The above are not frivolous philosophical points but the fundamentals had been argued seriously amongst philosophers since philosophy first emerged.https://plato.stanford.edu/entries/rela ... #RelAboSci
Social Constructionism
Social constructionism is a particularly radical form of conceptual Relativism with implications for our understanding of the methodology and subject matter of the sciences.
According to social constructionism, Nature as studied by scientists does not come carved at its joints (to use Pato’s metaphor from Phaedrus: 265d–266a).
Reality—with its objects, entities, properties and categories—is not simply “out there” to be discovered only by empirical investigation or observation;
rather, it is constructed through a variety of norm-governed socially sanctioned cognitive activities such as interpretation, description, manipulation of data, etc.

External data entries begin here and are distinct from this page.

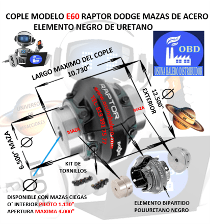 ENVIO GRATIS, ENVIO 24 A 48 HRS. DESPUES DE CONFIRMAR EL PAGO DEL PRODUCTO. DIMENSIONES: EXTERIOR 12.500” LARGO 10.130”  MAZA 6.500” INCLUYE: 1 ELEMENTO DE POLIURETANO NEGRO CON KIT DE TORNILLOS NO. PARTE 015852 Y 2 MAZAS NO. PARTE 015243 BARRENO PILOTO, EQUIVALENTE: OMEGA REXNOR E60, TB WOOD´S DURA-FLEX WE60, Ver Ficha Técnica Aquí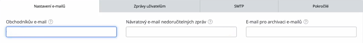 Pro správnou funkčnost je klíčové nastavit si zde primární Email obchodníka a případně také email pro archivaci a pro zpracování nedoručitelných zpráv.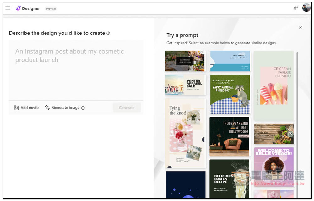 如果有用過微軟整合 OpenAI DALL-E 圖片生成服務的「Image Creator」的話,相信大家應該會覺得 Microsoft Designer 相當眼熟 – 因為它還真的在其中,不過功能也更延伸至可以針對社群使用提供不同版面以及設計的功能。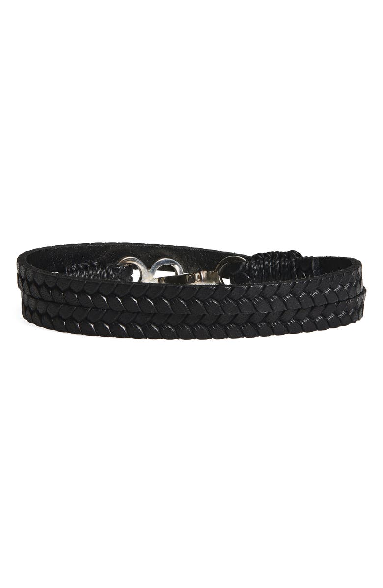 Caputo & Co. Men's Embossed Double Wrap Leather Bracelet, Main, color, Black

Social constructionism has relativistic consequences insofar as it claims that different social forces lead to the construction of different “worlds” and that there is no neutral ground for adjudicating between them.

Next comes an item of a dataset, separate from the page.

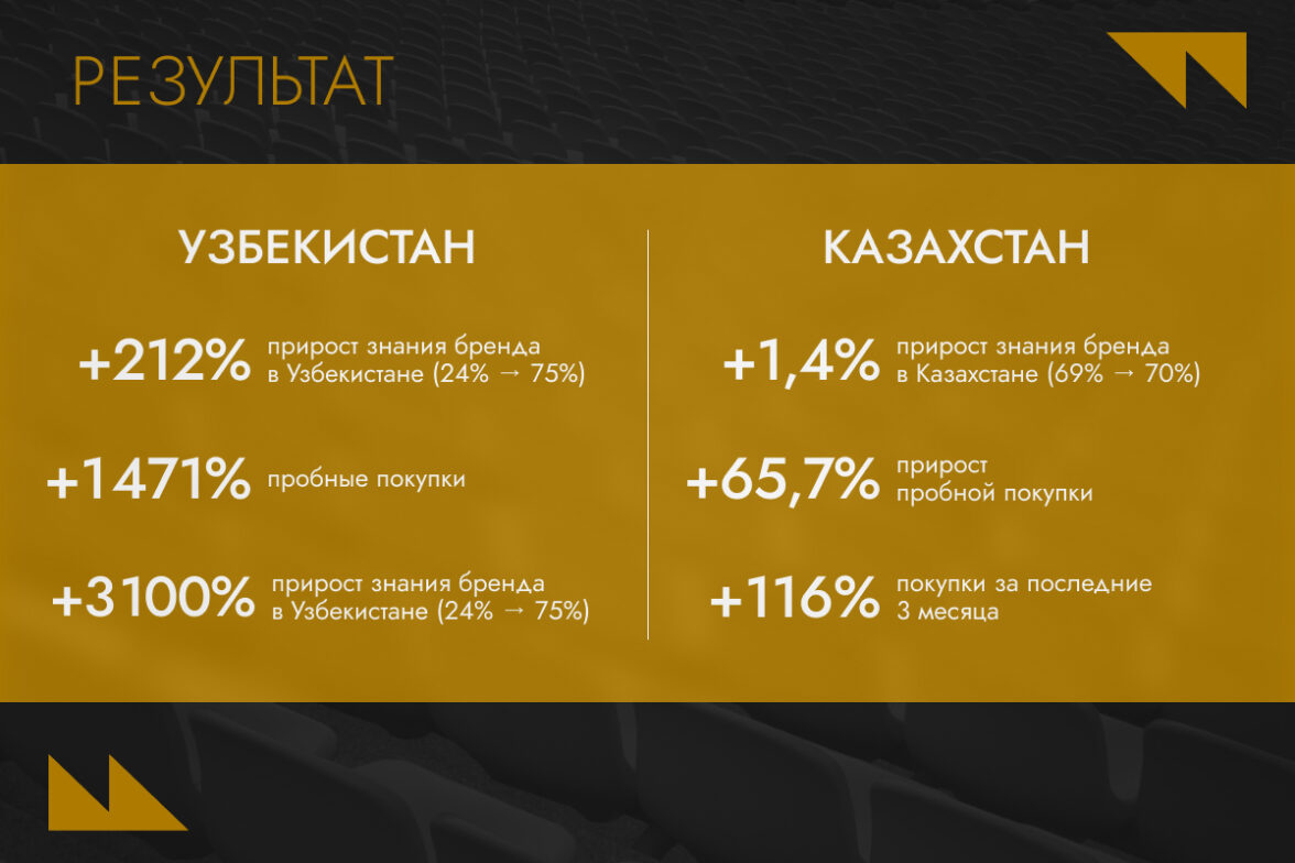 поднять узнаваемость бренда до 70% в Казахстане и Узбекистане;

The “Science Studies” approach of Bruno Latour is a prime example of constructionism with relativistic consequences.
Latour and Woolgar (1986) have argued that so-called “scientific facts” and the “truths” of Science emerge out of social and conceptual practices and inevitably bear their imprints.
This is because the very idea of a mind-independent reality open to scientific study, or as they call it “out-there-ness”, itself is the consequence of scientific work rather than the cause.
A crucial difference between scientific realists and constructionists is that
whereas the realists see nature and society as the causes that explain the outcomes of scientific enquiry,
for the constructionists the activity of scientists and engineers and of all their human and non-human allies is the cause, of which various states of nature and societies are the consequence.
(Callon & Latour 1992: 350–1).
Scientific theories are also products of socially constituted practices.
They are contextually specific constructions which bear the mark of the situated contingency and interest structure of the process by which they are generated.
(Knorr-Cetina 1981: 226).
So called “scientific facts” and “natural kinds”, the primary subjects of scientific investigation are, at least in part, the products of the contingent social and epistemic norms that define the very subject matter of Science.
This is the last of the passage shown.